Ministers apprenticed to up accessible spending on rail, blooming activity and digital

The Organisation for Economic Cooperation and Development (OECD) has urged the British government to dramatically increase public spending on rail, green energy and digital infrastructure to support the economy’s long-term future, saying that ministers could treble their investment over the longer term.

The Paris-based thinktank, which has 34 of the richest countries as members, said the UK’s lack of public investment since the financial crash in 2008 was a drag on economic growth.

It said a spending increase from around 2.9% of GDP at the moment to 6% would need a large increase in taxes but would boost GDP by at least 3% and, over the longer term, need only a rise in taxes or borrowing worth 1% of GDP to do it, offering the biggest return compared to other policy moves.

While the report, which looks ahead to the challenges faced by major economies over the next 40 years, warns that a global trade war triggered by the US will damage the long-term outlook, it said growth and living standards will continue to rise across the OECD.

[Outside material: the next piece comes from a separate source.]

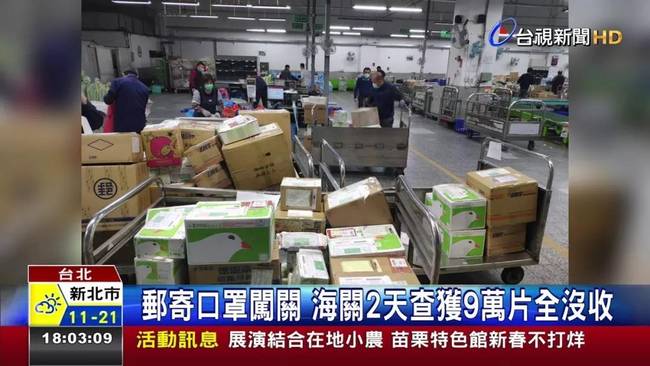 臺媒報道,1月底的兩天內,臺灣海關沒收了9萬多片臺灣民眾攜帶或寄送給大陸的口罩。臺財政部門在社交媒體上赫然警告:“口罩管制來真的,休想挑戰(zhàn)公權力。”

“Permanently raising public investment in all OECD countries to 6% of GDP raises aggregate living standards by more than 4% by 2060 (as much as 6-9% in some countries). Fiscal burdens rise by much less than the cost of the additional investment and the policy is even self-financing in some countries,” it said.

The report will be welcomed by the chancellor, Philip Hammond, who has championed public investment, especially in transport, in his first two budgets.

In the aftermath of the financial crash, public investment was cut to 1.5% by the former chancellor George Osborne before Hammond succeeded him and pledged annual rises for the rest of the current parliament to 2022.

However, reaching a public investment target of 6.5% of GDP – which is the average achieved by Luxembourg, Hungary, New Zealand, Slovenia and Norway – is likely to be considered a stretch too far for a Tory chancellor.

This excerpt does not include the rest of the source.